According to the New York Post, a Justice Department official confirmed that FBI agents carried out the raid, though investigators offered few immediate details about the scope of the search or what materials were sought.
An FBI spokesperson in Atlanta said the inquiry remains active and declined to elaborate.
“Our investigation into this matter is ongoing so there are no details that I can provide at the moment,” the spokesperson told the Washington Examiner.
Fulton County, Georgia’s most populous county and home to much of Atlanta, sat at the center of President Donald Trump’s claims that the 2020 election was marred by widespread fraud.
Trump narrowly lost Georgia’s 16 electoral votes to Democrat Joe Biden by fewer than 12,000 ballots, according to the certified results.
Trump’s efforts to challenge that outcome triggered a chain of political and legal consequences, including his second impeachment in January 2021.
In 2023, Democratic District Attorney Fani Willis brought criminal charges against Trump and 18 others tied to the effort to overturn Georgia’s results.
That case, along with a related federal prosecution led by special counsel Jack Smith, was later dropped after Trump won a second, non-consecutive term in 2024.
The former and now current president frequently cited Fulton County while detailing his allegations, many of which were rejected by Georgia courts and Republican state leaders, including Gov. Brian Kemp and Secretary of State Brad Raffensperger.
One of Trump’s most prominent claims involved a pause in ballot counting on election night after officials reported a pipe burst in the room where absentee ballots were being processed. Trump later insisted the explanation was fabricated.
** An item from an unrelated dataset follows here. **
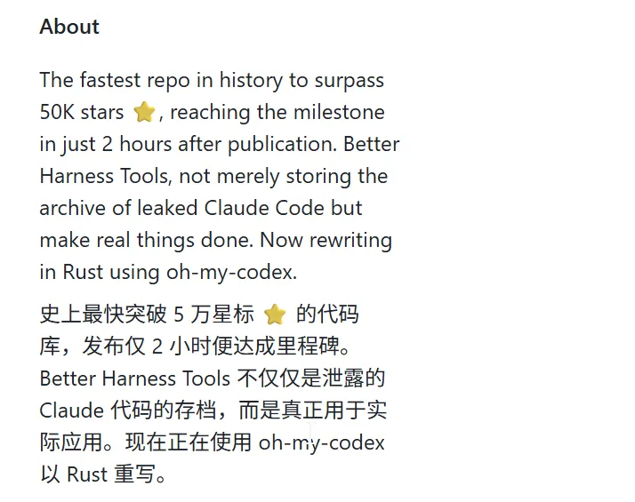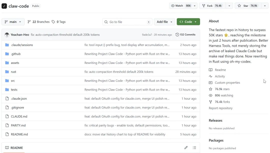 这个项目叫claw-code,2小时内冲到,5 万星标, 现在76900 star,创造了GitHub历史上最快的增长记录。

“In Fulton County, Republican poll watchers were ejected, in some cases, physically from the room under the false pretense of a pipe burst — ‘water main burst, everybody leave,’ which we now know was a total lie,” Trump said during his Jan. 6, 2021, speech.
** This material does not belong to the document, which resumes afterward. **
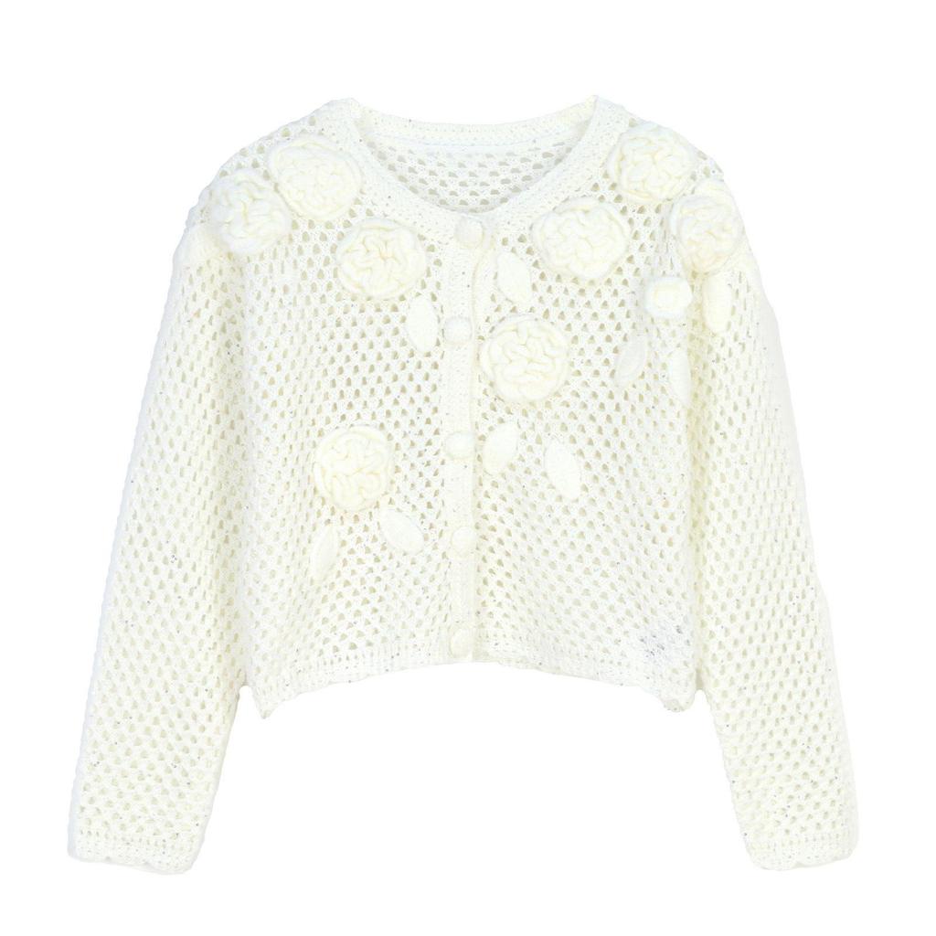 Вязаный крючком кардиган ручной работы с длинным рукавом и узором «ретро роза»

“Then election officials pull boxes — Democrats — and suitcases of ballots out from under a table… totally fraudulent, and illegally scanned them for nearly two hours,” he added.
Trump also accused Georgia officials of overlooking large numbers of illegal votes, alleging ballots were cast by deceased individuals, incarcerated felons, underage voters, and people no longer living in the state.
Raffensperger forcefully rejected those assertions at the time.
“We’ve never found systemic fraud, not enough to overturn the election,” he said. “I wish he would have won. I’m a conservative Republican, and I’m disappointed, but those are the results.”
The Fulton County election controversy has already produced significant legal fallout. Two county election workers, Ruby Freeman and Shaye Moss, successfully sued Trump’s former attorney Rudy Giuliani for defamation after he accused them of election fraud.
A jury awarded the women $148 million in damages.
What prompted Wednesday’s raid remains unclear, but the search signals that the 2020 election — and Fulton County’s role in it — continues to draw federal scrutiny years after voters cast their ballots.